Activity: An exact copy of the data is needed, but without any of its images.

Dataset excerpt:

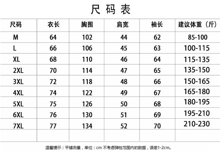 | 6xl 97.50 kg-105.00 kg(6XL195-210斤) | USD $8.63 | 908 piece available |
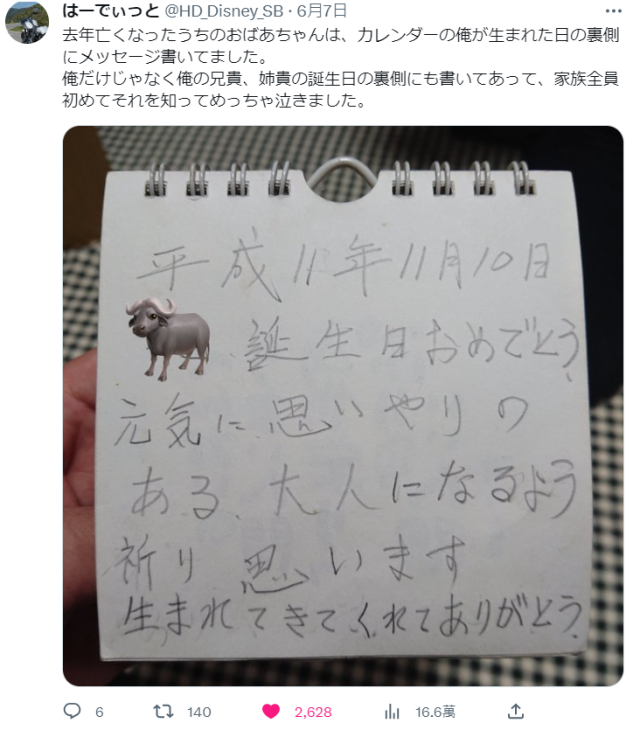 ▼ 網友:「去年過世的奶奶,在日曆上我生日那天的背面寫了留言。不只是我的,還有我哥我姊的生日那天背面也都有寫。第一次知道的時候家裡所有人都哭到不行。」
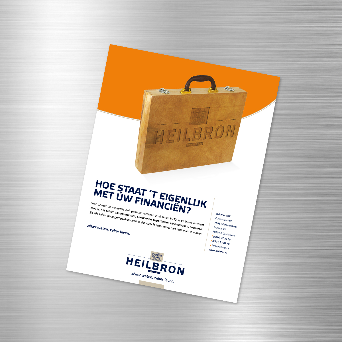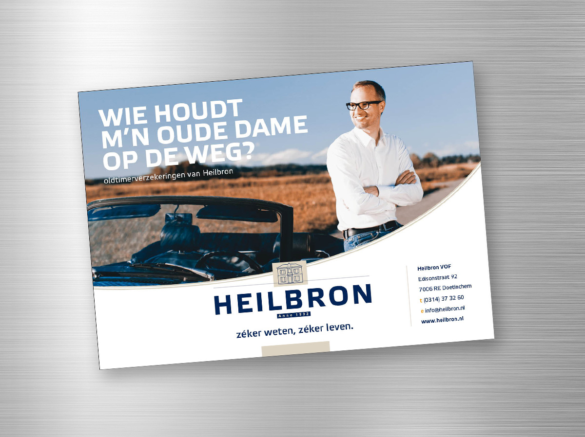 Voor diverse doelen en media ontwerpt lekker in vorm advertenties voor Heilbron in een herkenbare stijl. Niet alleen qua vorm, maar ook qua inhoud: no nonsens, menselijk en met een twist.

Your solution:
 | 6xl 97.50 kg-105.00 kg(6XL195-210斤) | USD $8.63 | 908 piece available |
 ▼ 網友:「去年過世的奶奶,在日曆上我生日那天的背面寫了留言。不只是我的,還有我哥我姊的生日那天背面也都有寫。第一次知道的時候家裡所有人都哭到不行。」
 Voor diverse doelen en media ontwerpt lekker in vorm advertenties voor Heilbron in een herkenbare stijl. Niet alleen qua vorm, maar ook qua inhoud: no nonsens, menselijk en met een twist.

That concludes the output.